Creating a library search by a young programmer - what is it?

The other day I came across a publication by my peer , and she prompted me to write my own story about my project, which absolutely did not help either, but only prevented me from entering the university.

Introduction

One fine day I went to the library for one story. Having said the title and author of the story to the librarian, he received a stack of collections of this author. In order to find the necessary story among all this variety, we had to go through all the works. It would be much easier to “google” the desired work and get what you want in a few clicks.

')
And then I thought: “Why is there still no such thing in libraries? It's so convenient! ”. Naturally, like any decent lazy programmer, I went straight to the search engine to look for similar projects. And ran into problems. All found projects were either commercial (paid), or amateur and low-quality.

Naturally, such an injustice urgently needed to be addressed, despite the approaching USE and admission to the university.

Language selection

First of all, it became clear that we cannot do without a web part. Despite my personal intolerance to web programming, I sat down with Google and began to study this issue.

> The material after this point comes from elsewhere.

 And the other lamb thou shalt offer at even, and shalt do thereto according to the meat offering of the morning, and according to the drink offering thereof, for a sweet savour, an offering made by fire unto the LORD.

Words about speed is not true

After a few hours, I finally chose the required language. More precisely not a language, but FrameWork RubyOnRails. Why he? Because it uses a full-fledged OOP language, is actively developed by a giant community and has a fast core. In addition, girls like Ruby (it is better not to speak at the presentation).

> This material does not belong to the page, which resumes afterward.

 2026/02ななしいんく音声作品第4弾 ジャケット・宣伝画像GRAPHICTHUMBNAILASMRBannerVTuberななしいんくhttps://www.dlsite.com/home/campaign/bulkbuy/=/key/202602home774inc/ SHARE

Naturally, it was based on the “beautiful” language of Ruby. Since I know Java at the Junior level, it was easy for me to learn any other OOP language. Every week I watched 2 lectures every evening and in the end could boast the necessary knowledge of Ruby syntax. And then my self-confidence was dropped ... And all because this FrameWork is so huge and extensive, that the knowledge of Ruby helped me only a little bit. Having studied the MVC technology and other ideas of the evil web programmers, I started to implement the project.

Authorization

The first obstacle in my path was, oddly enough, authorization. I decided to use OAuth technology. Its principle is that tokens are used instead of passwords. Using tokens allows you not to worry that your password will be stolen, as well as to configure each token for yourself (for example, you can take one-time tokens with permissions for only one operation). At first I decided to use MD5 encryption to store passwords on the server side, but after reading about it on the Internet, I decided that this method was outdated. Hacking on new computers is carried out in just 1 minute. Therefore, I decided to use bCrypt, which provides almost 100% protection against password decryption in the database. Since I decided to make a similar system myself, I had to think about optimization. First of all, the tokens had to be transferred from a string to a numeric value, so that a DB could be searched for by a binary search.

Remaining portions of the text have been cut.